Alex Skeel: Domestic abuse survivor was 'days from death'

This woman clearly had a psychological and manipulative hold over the guy, it wouldn't have been as easy as "walking away". These types of people are master manipulators and more than likely had him thinking he was in the wrong.

While it's easy for somebody who is mentally stable to walk away, this guy clearly wasn't at the time of abuse.
 
I agree with the people who say he should have known better. Whilst being subjected to it wasn't his fault it was totally in within his power to stop it.
People who side with the cool right wing attitude are no better than sheep... He knew what was happening to him, he just didn't want to face up to it. Totally within his power and strength to go out and get his own food, see his own family or stop her from hurting him.
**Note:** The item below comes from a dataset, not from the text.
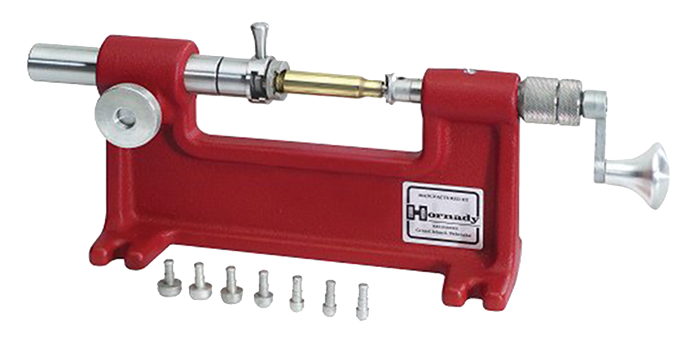 The way the case is locked in place into the shell holder, the trimmer accurately restores fired cases to the correct length no matter the thickness of the cartridge rim.The lever locks the case in place.The micro adjust cutter allows.001" changes without moving the case.Its large diameter, replaceable cutting head is made of ultra-hard tool steel and trims cases up to 50 caliber.Includes seven of the most popular pilot sizes:.22 cal,.6mm,.270 cal,.7mm,.30 cal,.38 cal and.45 cal.*use only standard hornady shell holders and pilots.

I think it's great that you're in a position where you can be so naive and clueless about DV. Unfortunately, not everybody is in that position. What you're saying is akin to someone suggesting that depression can be cured by just "cheering up". Alas, both are substantially more complex than you know.
 
I People who side with the cool right wing attitude are no better than sheep... He knew what was happening to him, he just didn't want to face up to it. Totally within his power and strength to go out and get his own food, see his own family or stop her from hurting him.


Wait what? What your describing there is the classic "right wing" (right as in old fashioned guy int he pub meaning here) view that DV victims are themselves responsible.

Not sure how accepting that dv victims are coerced and controler is right wing.


What's funny though is what you say is pretty kuch the opposite of pretty much all human evidence.

Abused people of all background and tyoes of abuse always find it hard to leave thier abusers
 
I think it's great that you're in a position where you can be so naive and clueless about DV. Unfortunately, not everybody is in that position. What you're saying is akin to someone suggesting that depression can be cured by just "cheering up". Alas, both are substantially more complex than you know.

Indeed. Soon as the word 'sheep' came up, I stopped reading.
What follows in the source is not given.